Il prend contact avec le père qui lui explique que Iannis vit avec sa mère. Elle cherche quelqu’un pour s’occuper de son fils parce qu’elle veut se consacrer à son roman.
Louis s’embarque pour Horville, sans vraiment savoir qui est ce Iannis. Il est reçu par sa mère, Hélène, qui lui fait grosse impression. « Elle n’était pas belle mais son visage m’impressionna. Son nez un peu fort, le pli d’amertume de sa bouche et ses yeux si noirs, où l’iris ne se distinguait pas de la pupille, donnaient à ses traits un caractère brutal, accentué par le désordre de ses cheveux » »Malgré une quarantaine largement dépassée, elle avait conservé une silhouette adolescente, qu’elle enveloppait dans un grand pull d’homme aux manches roulées jusqu’aux coudes. »
Hélène ne veut pas parler d’Iannis pour ne pas l’influencer, elle se borne à dire qu’il ne parle pas, ne sait ni lire, ni écrire et que ses réactions sont imprévisibles.
Louis insiste cependant pour le voir le soir même. « Dans le lit une forme se devinait, entortillée dans les couvertures. Iannis dormait en position foetale, deux doigts en foncés dans la bouche et je ne distinguais de lui qu’un profil délicat découpé sur l’oreiller. Une pointe du col de son pyjama masquait sa joue et seul un pli très marqué entre ses sourcils indiquait une tension que le sommeil même ne pouvait apaiser. Je fus saisi par la beauté de ce visage auréolé d’une masse de cheveux blonds, par la longueur de ses cils et la ligne de son nez, quand je m’attendais à un faciès déformé par les troubles psychiques. »

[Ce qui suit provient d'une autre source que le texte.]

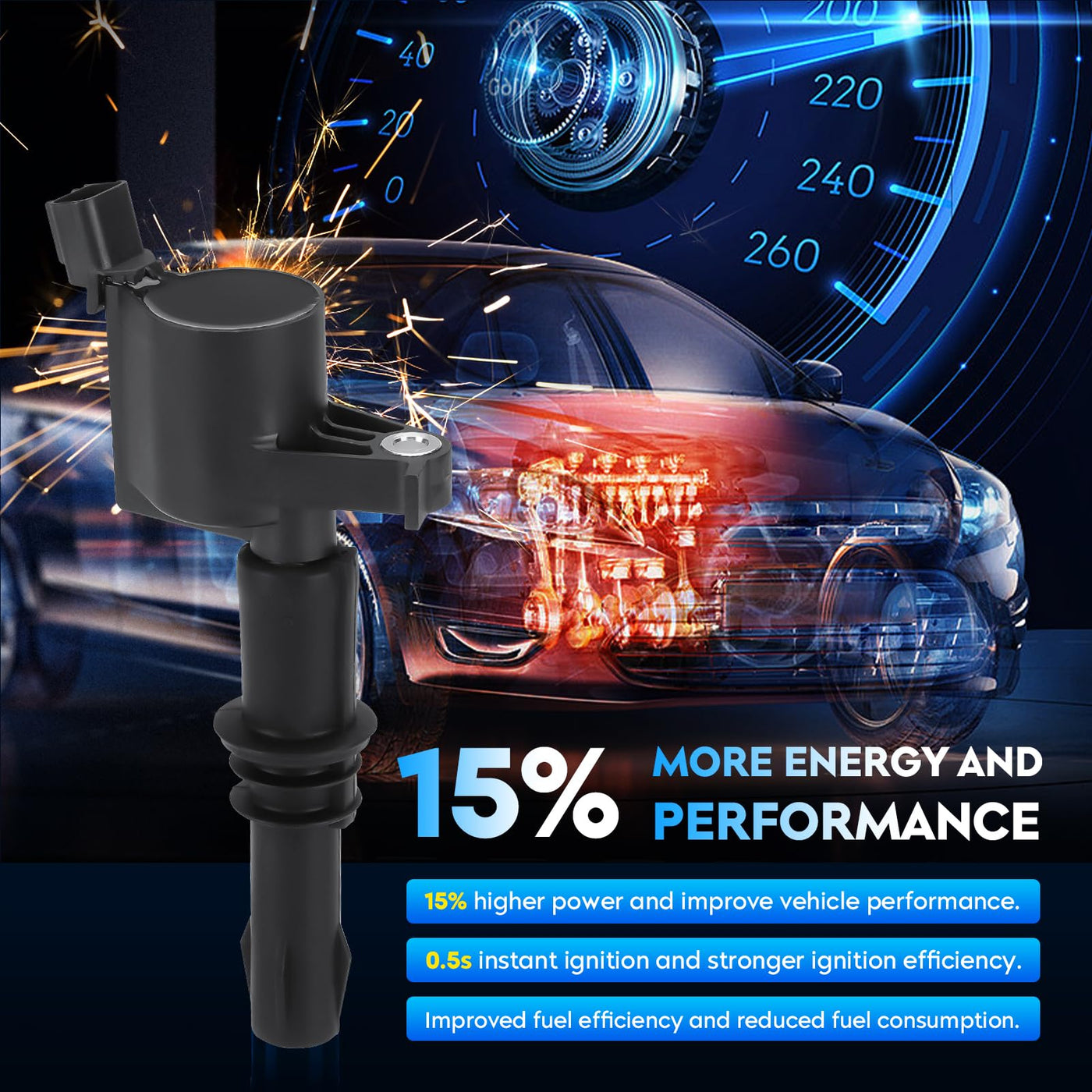About Us: AEagle as a professional auto parts supplier, is committed to providing high-quality products to our customers. Ignition coils can fail due to age, overuse, or simple manufacturing defects. Replace them as soon as your car starts to have trouble starting, the engine trouble light comes on, etc. All ignition coils are manufactured to exacting quality standards and are rigorously inspected and tested to ensure exceptional performance and durability. Key Features: Built to strict quality control standards. Direct fit and easy installation. Premium quality with a long lifespan. Compatible with: ford Expedition 5.4L V8 VIN:5, + Others 2005-2008 ford F-150 5.4L V8 Flex VIN:V 2006-2008 ford F-150 5.4L V8 VIN:5, + Others 2004-2008 ford F-250 Super Duty 5.4L V8 VIN:5, + Others 2005-2008 ford F-250 Super Duty 6.8L V10 VIN:Y 2005-2008 ford F-350 Super Duty 5.4L V8 VIN:5, + Others 2005-2008 ford F-350 Super Duty 6.8L V10 VIN:Y 2005-2008 for Lincoln Mark LT 5.4L V8 VIN:5, + Others 2006-2008 for Lincoln Navigator 5.4L V8 VIN:5 2005 for Lincoln Navigator 5.4L V8 VIN:5, + Others 2006-2008 To ensure that the part is properly installed on your vehicle, please use the FITMENT function at the top of the list and input your full vehicle information. Replace for Part Number: DG511, GD511, FD508, SP546, PZH14F, SP515, 3L3U12A366BB, 3L3Z12029BA, HT15, SP507, C1541, 3L3E12A366CA, 5C1584, 50082, 601000, UF537, C1659 Package Includes: 8 coils and 8 spark plugs.

Louis va donc s’occuper de Iannis, faire de longues promenades le long de la mer et même s’il est persuadé que Iannis ne le comprend pas, il lui raconte ses vacances à Horville, lui parle de son ami Antoine.
Une amitié très forte va lier Iannis et Louis. Il s’apercevra que Iannis sait écrire mais le cache. Iannis lui fera cadeau d’une salière, retrouvé dans le sable et qui était un trésor pour Antoine et Louis. Iannis le conduira même à l’hôtel qu’il habitait et à un endroit interdit et dangereux mais dont Antoine et Louis avaient fait leur jardin secret : le Saut du Loup.
Hélène interroge Louis sur la relation privilégiée qu’il a avec Iannis. Louis lui répondra : et « Je lui assurai que mes journées avec son fils m’apportaient beaucoup qu’il faisait preuve de capacités insoupçonnées. » Il ajoutera : » que son fils était branché sur nos pensées les plus secrètes, que telle une éponge, il absorbait nos émotions et nos angoisses ». Il précisera même que ce qui l’attirait le plus en Iannis était « sa clairvoyance ».
Philippe Grimbert a choisi d’entrecouper les récits de ses journées avec Iannis de ses souvenirs personnels, surtout de son amitié avec Antoine que Iannis lui rappelle.
En parallèle l’auteur raconte comment Hélène veut avoir une relation sexuelle avec Louis. Il se refuse, pour ne pas trahir Iannis, très amoureux de sa mère. Pour se justifier, il s’invente une fiançée ce qui fait rire Hélène mais ne l’empêche pas de forcer Louis, jusqu’à jouir sur lui.
Du mois passé à Horteville, Louis sortira transformé. Sans déflorer la fin du roman, je peux citer un passage qui clôture le livre : « Où est passé Louis, celui qui traînait son existence, d’année en année, à la poursuite d’un futur qu’il n’avait pas choisi ? »
Un très beau roman. Autobiographique, par ses souvenirs de vacances et par son travail de psychanalyste auprès des enfants autistes ou psychotiques. « Merci aux enfants douloureux qui m’ont inspiré le personnage de Iannis. »
J’ajouterai que son travail lui a permis d’écrire un roman émouvant, un roman d’amour.